[AVAILABLE DATA]
━━━━━━
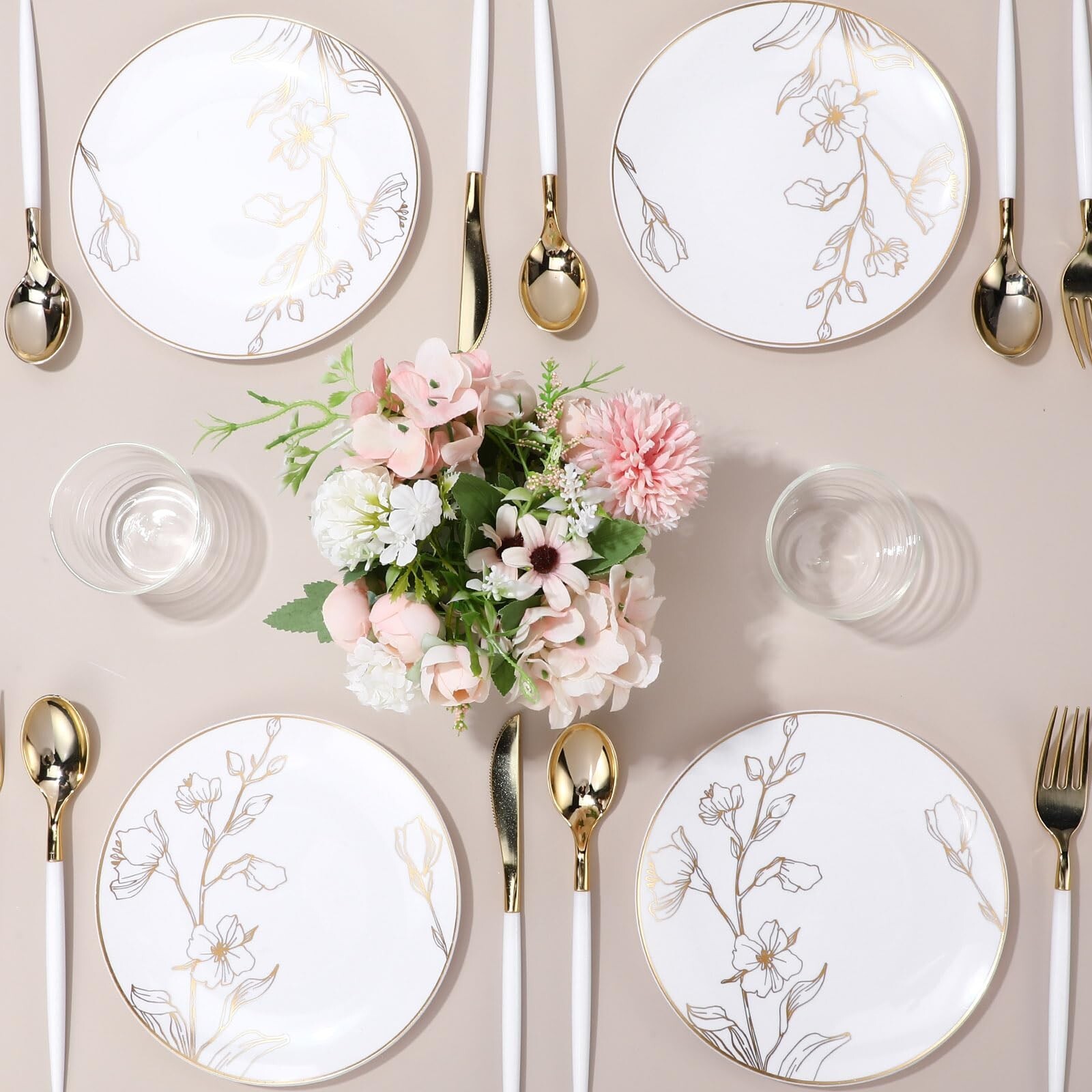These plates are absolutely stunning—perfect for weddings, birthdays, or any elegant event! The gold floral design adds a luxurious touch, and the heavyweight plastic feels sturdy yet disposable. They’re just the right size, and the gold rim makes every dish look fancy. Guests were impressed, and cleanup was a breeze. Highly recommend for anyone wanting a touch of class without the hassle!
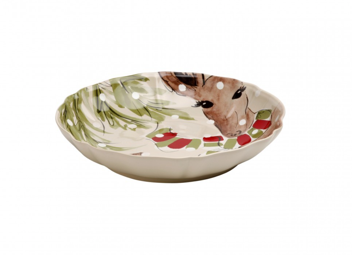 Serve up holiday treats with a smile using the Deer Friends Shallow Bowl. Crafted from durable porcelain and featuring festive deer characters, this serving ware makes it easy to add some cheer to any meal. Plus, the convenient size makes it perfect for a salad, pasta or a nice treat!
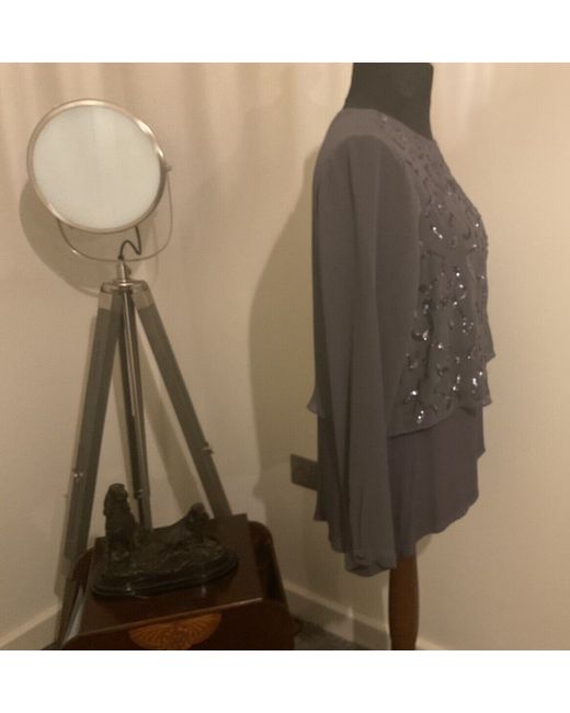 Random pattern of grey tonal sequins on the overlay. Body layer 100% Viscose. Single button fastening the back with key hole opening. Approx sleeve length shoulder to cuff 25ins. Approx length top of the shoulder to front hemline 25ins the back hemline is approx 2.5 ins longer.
━━━━━━
Write the data out again exactly, but without its images.

These plates are absolutely stunning—perfect for weddings, birthdays, or any elegant event! The gold floral design adds a luxurious touch, and the heavyweight plastic feels sturdy yet disposable. They’re just the right size, and the gold rim makes every dish look fancy. Guests were impressed, and cleanup was a breeze. Highly recommend for anyone wanting a touch of class without the hassle!
 Serve up holiday treats with a smile using the Deer Friends Shallow Bowl. Crafted from durable porcelain and featuring festive deer characters, this serving ware makes it easy to add some cheer to any meal. Plus, the convenient size makes it perfect for a salad, pasta or a nice treat!
 Random pattern of grey tonal sequins on the overlay. Body layer 100% Viscose. Single button fastening the back with key hole opening. Approx sleeve length shoulder to cuff 25ins. Approx length top of the shoulder to front hemline 25ins the back hemline is approx 2.5 ins longer.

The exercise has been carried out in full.